We assume that a carbon tax would only be applied to reduce carbon dioxide emissions. In practice however, the only way to reduce carbon dioxide emissions is to reduce the burning of fossil fuels. Reducing the burning of fossil fuels will have co‐impacts such as reducing the emissions of carbon monoxide (CO), volatile organic compounds (VOCs), nitrogen oxides (NOx), and sulfur oxides (SOx). The first three chemical compounds generally enhance warming while the latter generally retards it. Sensitivity tests using MAGICC indicate that for the OECD90 countries under the A1B pathway, the effect of collective changes in these co‐emissions is largely compensative.

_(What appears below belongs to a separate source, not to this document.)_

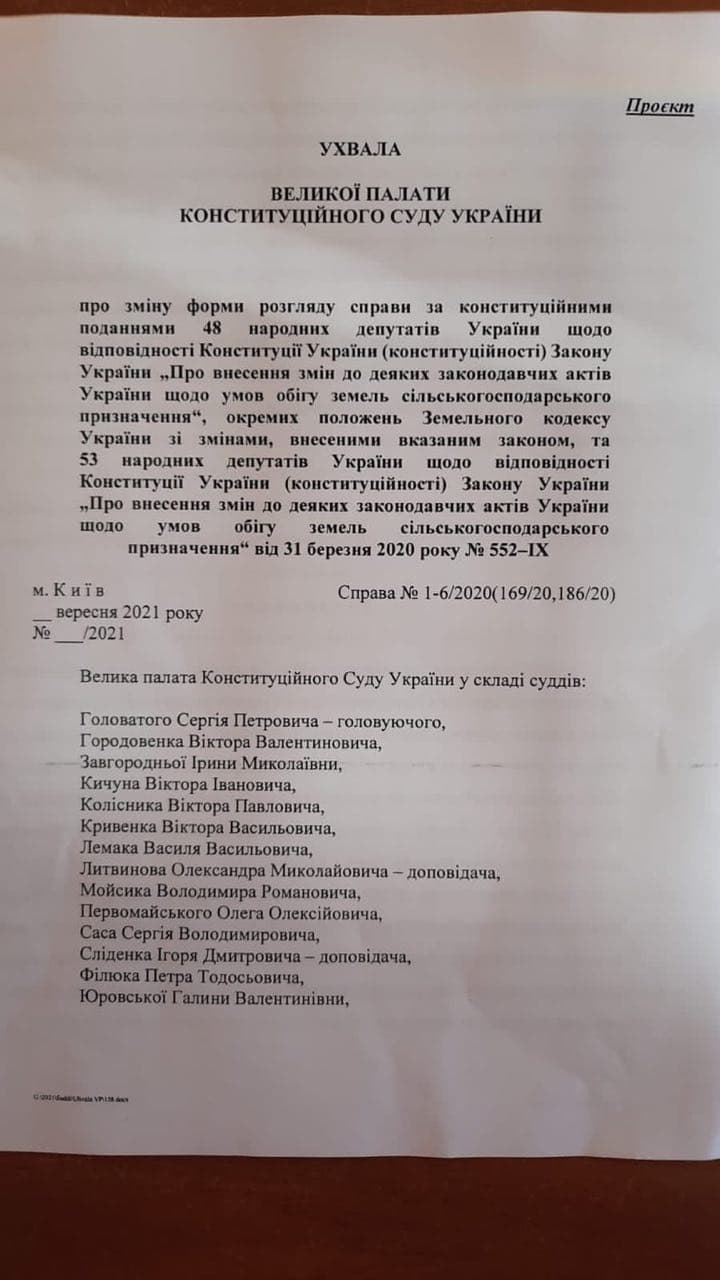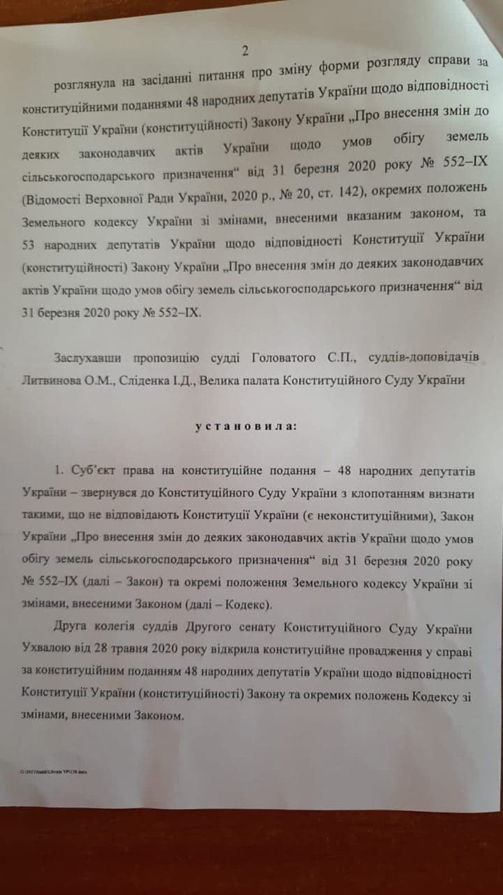 Йдеться про справу щодо встановлення відповідності Конституції України (конституційності) тих законів, якими з 1 липня цього року запроваджено земельну реформу, зокрема в частині умов обігу (купівлі-продажу) земель сільськогосподарського призначення: ЗУ «Про внесення змін до деяких законодавчих актів України щодо умов обігу земель сільськогосподарського призначення» від 31 березня 2020 року та окремих положень Земельного кодексу України.

Additional fine print on precision: The temperature savings are presented to three significant digits in order to tell the results apart. In the real world, the impacts from the emissions reduction pathways are not nearly so precise and, in fact, the temperature savings from most of the different carbon dioxide emissions reduction pathways are scientifically impossible to tell apart from each other, and in many cases, are impossible to tell apart from the original A1B scenario, i.e., they are same thing as doing nothing.